В свое время Фрэнсис Петигрю не жалел усилий, стараясь добиться самых различных желанных должностей. Эти усилия приносили свои плоды, и ему не раз удавалось занять весьма солидный пост, чаще всего почетный. Но никогда в жизни он не думал, что когда-нибудь станет почетным казначеем Маркширского музыкального общества, имеющего резиденцию в их городке Маркгемптоне.

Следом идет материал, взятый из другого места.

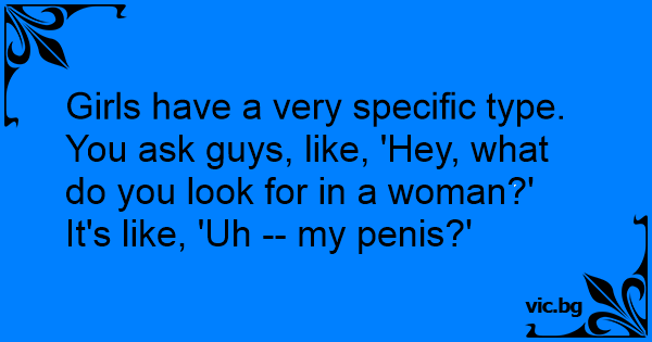 Girls have a very specific type. You ask guys, like, 'Hey, what do you look for in a woman?' It's like, 'Uh -- my реnis?'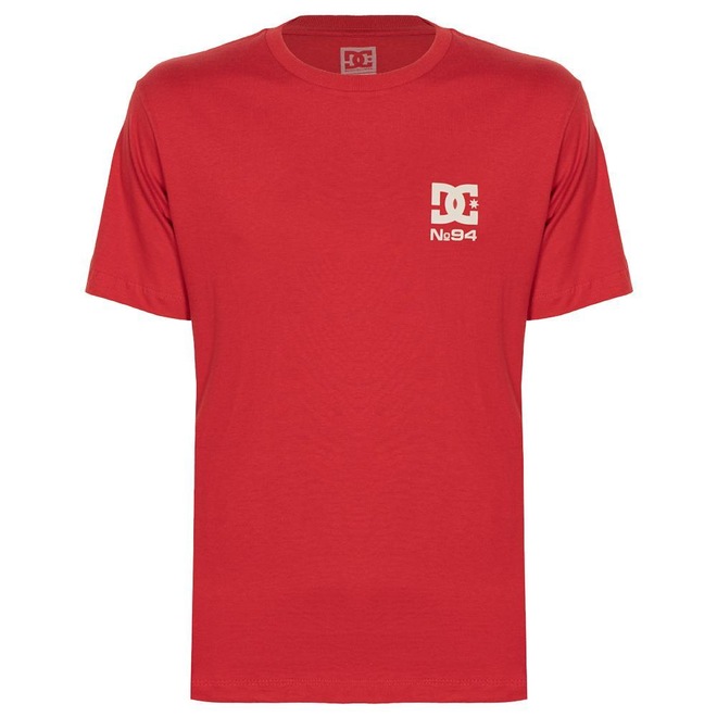 Camiseta Dc Shoes feita em modelagem regular, meia malha 30.1, estampa frente e costas e etiquetas personalizadas.

Это, размышлял он, сидя в загроможденной мебелью гостиной миссис Бассет, одно из неожиданных последствий его брака, который и сам по себе был самым непредвиденным событием в его жизни. Женившись на девушке, по возрасту вполне годившейся ему в дочери, он с философским спокойствием приготовился ко всякого рода сюрпризам, и они не заставили себя ждать. Пожалуй, самым большим сюрпризом для него стала та легкость, с каковой он перешел к семейной жизни в деревне после стольких лет, проведенных в Лондоне, где делил все свое время между Темплем[1], обществом коллег-адвокатов и друзьями по клубу. Он возлагал вину за разрыв с профессиональной деятельностью на войну, хотя в душе всегда мечтал, что когда-нибудь уйдет в отставку и поселится в одном из очаровательных местечек в южных окрестностях Лондона, где исключительно ради собственного удовольствия заведет себе достойную практику, обслуживая только местных клиентов до тех пор, пока самые верные из них не сочтут его слишком одряхлевшим и отсталым. Но в те времена слишком уж крепки были цепи привычки, да и перспектива одинокой жизни пугала его. А вот в конце войны, когда он удачно избежал опасности быть забранным на государственную службу, эта идея внезапно показалась ему вполне выполнимой. Тому было несколько весомых причин. Во-первых, безжалостными бомбардировками Гитлер лишил Темпль прежнего очарования, стерев с лица земли чуть ли не половину его старинных зданий. Во-вторых, сложности возобновления работы в Лондоне даже Петигрю, почти четыре года работавшему сверхурочно, казались непреодолимыми. И в-третьих, он уже не чувствовал себя одиноким в жизни. Более того, как он честно признавал, деньги Элеонор сделали перспективу отставки, хотя и сопровождавшуюся тонкими язвительными намеками круга сослуживцев, гораздо более привлекательной. Теперь, спустя два года после женитьбы, он уже мог более бесстрастно относиться к молчаливому, но единодушному мнению своих старых друзей о том, как, должно быть, неудачно сложилась его жизнь.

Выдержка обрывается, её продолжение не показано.